ISSN: 1391 - 0531
Sunday, January 28, 2007
Vol. 41 - No 35
Plus

That heart stopping moment

With over a thousand open-heart operations last year alone, the dedicated team at the Heart Surgical Unit of the National Hospital continues to serve patients from all over the country.

By Kumudini Hettiarachchi

A man’s heart has stopped. With the rhythmic beating of the heart halting, the fluctuating line on the TV monitor that indicates life itself, becomes straight.

However, those around him do not panic. Just before the heart stops and even after, the quiet and measured instructions are clear and precise. There is no haste.“Start the machine. On the pump. Reduce the pressure.”

Senior Cardio-thoracic Surgeon Dr. Chandima Amarasena performing open heart surgery.
Pix by M.A. Pushpa Kumara

And right before our eyes, a man’s heart has stopped, for he is undergoing open heart surgery at the Heart Surgical Unit of the National Hospital in Colombo. It is Friday, January 19, 2007.

This is also not the first. In 2006 alone, the unit carried out 1007 open heart surgeries in addition to 39 closed heart surgeries.

“We need to get the heart-lung machine to carry out the functions of the heart. Then we stop the beating of the heart, to enable us to perform the surgery,” explains Senior Consultant Cardio-thoracic Surgeon Dr.
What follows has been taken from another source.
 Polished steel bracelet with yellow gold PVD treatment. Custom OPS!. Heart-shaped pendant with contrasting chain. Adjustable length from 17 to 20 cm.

Chandima Amarasena, gowned, masked and capped in green, skilfully and intricately handling very fine surgical instruments.

Theatre J of the Heart Surgical Unit is abuzz with a medical team of about 10 headed by Dr. Amarasena and Consultant Cardio-thoracic Anaesthetist Dr. Hemantha Perera getting about their business – that of attending to the “heart troubles” of people.

Dr. Chandima Amarasena

Dispelling misconceptions that a majority of heart surgeries, both open and closed, are being done in the private sector, Dr. Amarasena gives out the good news about the service done by the state health service to the neediest of the needy in Sri Lanka. Of the open heart surgeries performed by the Heart Surgical Unit, 308 were coronary artery bypass grafting (CABG), considered difficult and complex, with the rest comprising valve replacement operations and operations for congenital heart defects such as atrial septal defects (ASDs), ventricular septal defects (VSD) and tetralogy of Fallots (TOF) etc.
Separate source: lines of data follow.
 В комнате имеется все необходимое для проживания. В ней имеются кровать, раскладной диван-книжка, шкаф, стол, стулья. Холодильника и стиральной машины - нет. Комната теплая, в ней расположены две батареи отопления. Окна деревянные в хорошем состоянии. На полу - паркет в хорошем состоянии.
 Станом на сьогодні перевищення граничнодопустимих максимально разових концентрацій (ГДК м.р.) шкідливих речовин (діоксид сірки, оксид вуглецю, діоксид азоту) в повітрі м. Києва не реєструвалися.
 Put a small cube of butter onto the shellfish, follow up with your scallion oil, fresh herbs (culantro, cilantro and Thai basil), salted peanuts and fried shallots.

How safe is heart surgery in Sri Lanka?

We lost only eight patients from among the 308 who underwent coronary artery bypass grafting last year, says Dr. Amarasena, explaining that it means the mortality rate is about 2.59%.

Dr. Hemantha Perera

The Sunday Times learns that Sri Lanka is well within the internationally-accepted 2 to 4% mortality rate for such major surgery.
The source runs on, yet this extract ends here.